- **Stored data**:
--- START ---

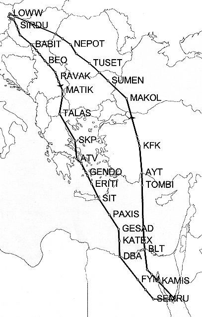 Der Flug selbst führte auf der Standartroute über die SID ABETI über den Baladon Richtung Skobije, Saloniki, Skiathos, Athen, Kreta
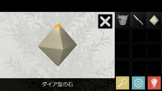 「果実」に「ナイフ」を使って、「ダイア型の石」を入手。
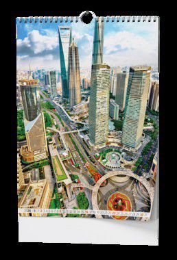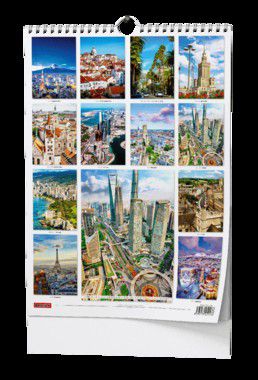Nástěnný kalendář s krásnými obrázky světových metropolí v trendy stylu.
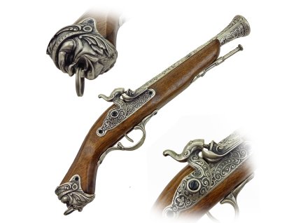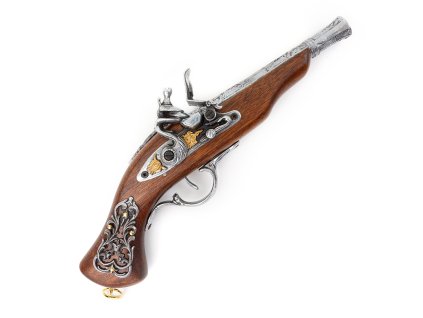 Replika Perkusná pištoľ "DERRINGER PHILADELPHIA" na kapslíky Replika historickej zbrane model DERRINGER PHILADELPHIA USA 1862 od výrobcu DENIX. Táto zbraň je skvelou voľbou pre milovníkov histórie, zberateľov alebo tých, ktorí si chcú doplniť svoju zbierku autentických replík. Telo tejto repliky je vyrobené z tvrdeného plastu, ktorý mu dodáva odolnosť a príjemnú váhu. Mechanizmus zbrane je vyrobený z kovu, čo pridáva na autentickosti. S touto replikou môžete zažiť pocit držania dobovej zbrane vo svojich rukách. pištoľ má tiež praktickú možnosť strieľať kapslíky. To umožňuje realistický simulovaný výstrel bez nutnosti používania ostrých nábojov. Môžete si tak užiť atmosféru minulosti bez akejkoľvek reálnej hrozby. Replika perkusnej pištole je precízne vyrobená s dôrazom na detaily. Je to skvelý doplnok na kostýmovanie alebo filmové natáčanie, ale tiež sa hodí ako dekorácia do Vášho domova či pracovne. DERRINGER PHILADELPHIA USA 1862 je skvelým darčekom pre zberateľov zbraní alebo historických nadšencov.Dodatočné parametre

--- END ---

- **About this exercise**:
Line by line, output the material above exactly, passing over the pictures.

- **Answer**:
 Der Flug selbst führte auf der Standartroute über die SID ABETI über den Baladon Richtung Skobije, Saloniki, Skiathos, Athen, Kreta
 「果実」に「ナイフ」を使って、「ダイア型の石」を入手。
Nástěnný kalendář s krásnými obrázky světových metropolí v trendy stylu.
 Replika Perkusná pištoľ "DERRINGER PHILADELPHIA" na kapslíky Replika historickej zbrane model DERRINGER PHILADELPHIA USA 1862 od výrobcu DENIX. Táto zbraň je skvelou voľbou pre milovníkov histórie, zberateľov alebo tých, ktorí si chcú doplniť svoju zbierku autentických replík. Telo tejto repliky je vyrobené z tvrdeného plastu, ktorý mu dodáva odolnosť a príjemnú váhu. Mechanizmus zbrane je vyrobený z kovu, čo pridáva na autentickosti. S touto replikou môžete zažiť pocit držania dobovej zbrane vo svojich rukách. pištoľ má tiež praktickú možnosť strieľať kapslíky. To umožňuje realistický simulovaný výstrel bez nutnosti používania ostrých nábojov. Môžete si tak užiť atmosféru minulosti bez akejkoľvek reálnej hrozby. Replika perkusnej pištole je precízne vyrobená s dôrazom na detaily. Je to skvelý doplnok na kostýmovanie alebo filmové natáčanie, ale tiež sa hodí ako dekorácia do Vášho domova či pracovne. DERRINGER PHILADELPHIA USA 1862 je skvelým darčekom pre zberateľov zbraní alebo historických nadšencov.Dodatočné parametre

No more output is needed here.